Northern Ireland

Sinn Fein oppose proposed amendment to NI's abortion law

pregnancy test
Image caption Abortions are not illegal in NI but are very strictly controlled

Welcomed by some, ridiculed by others, Belfast's first private family planning clinic opened its doors last October.

The Marie Stopes clinic confirmed it would offer abortion, while pledging to operate within the law. This permits abortion in exceptional circumstances, such as where a woman's life is in danger. Those objecting could do little more than protest.

Until now.

Three MLAs from the Stormont justice committee, the DUP's Paul Givan and the SDLP's Alban Maginness, backed by the UUP's Tom Elliott, came up with a plan: amend the new justice bill so abortions, where permitted, would only be carried out by the NHS.

They argued only the NHS provided robust regulation.

Almost immediately, Sinn Fein said it would oppose the change - but for a week now has refused to say whether it will help veto the amendment using a petition of concern.

Alliance MLA Anna Lo has signed a petition - but it is not clear whether Sinn Fein's 29-strong team of MLAs are prepared to provide the bulk of the 30 signatures. The petition would ensure that the amendment required nationalist consent to pass.

'Health matter'

In an interview for BBC Northern Ireland's The View, Sinn Fein's Caitriona Ruane said it was clear how her party felt about the amendment.

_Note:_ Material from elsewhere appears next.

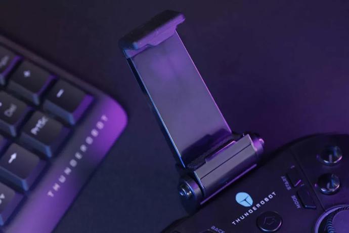 外观较为简洁,走实用路线 雷神战斧G50采用了较为简洁的设计风格,整个游戏手柄将黑色作为主色调,正上方印有雷神的Logo表明其“出身”,手柄正面的塑料外壳采用了类似喷砂工艺处理,手感较为细腻,握把则进行了激光雕刻,防滑效果不错。这款手柄上手时的持握感比较饱满,像我这样手比较小的玩家能够轻松驾驭它。如果不算手机支架,其重量仅200g出头,手感略显轻盈。我也试着装上一款重约190g的手机,可以明显感觉到手柄+手机的重量主要集中在双手的食指和中指上,这自然在我的意料之中,令我比较满意的是握把没有明显上翘的感觉,所以装上手机后,雷神战斧G50给我的手感还是比较舒适的。

"This is bad law - it's not a good way to be doing law - tagging it on to the end of a criminal justice bill," she said.

"This is a health matter. Sinn Fein will be opposing it and we are in discussions around how we will do that."

She complained it was men who were bringing forward the amendment which now carries the names of two other MLAs - the TUV's Jim Allister and the DUP's Jim Wells.

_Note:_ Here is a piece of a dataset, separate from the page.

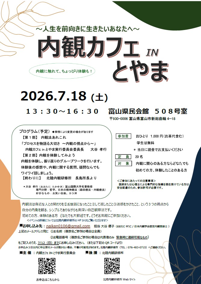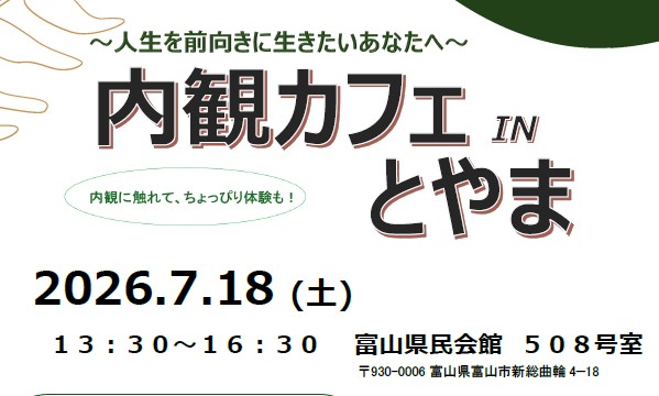 この「内観カフェ名古屋」のコンセプトをベースにさせていただき、富山の地でも内観法を広く知っていただくための試みとして「内観カフェINとやま」を開催する運びとなりました。

"I wonder did those men...consult with the women in their parties. Really what we need to do is ensure women's lives are protected," she added.

The DUP is firmly behind the amendment, while Alliance has now lined up against.

Judith Cochrane from Alliance said her party would oppose the amendment because it made no sense - and could force a woman already in private treatment into the NHS.

But the position of other parties is not so clear. The Ulster Unionists allow for a conscience vote on moral issues. The SDLP refused to comment on whether it is backing Mr Maginness's amendment - saying it is still under discussion.

Beyond Stormont, campaigners on both sides of the argument are lining up to lobby politicians.


Image caption NI's political parties are divided in their support for the amendment

The amendment has won support from a social justice group within the Church of Ireland, the Presbyterian Church and the Roman Catholic Church. Tyrone GAA manager Mickey Harte issued his own statement - asking those opposed to the amendment to rethink their position.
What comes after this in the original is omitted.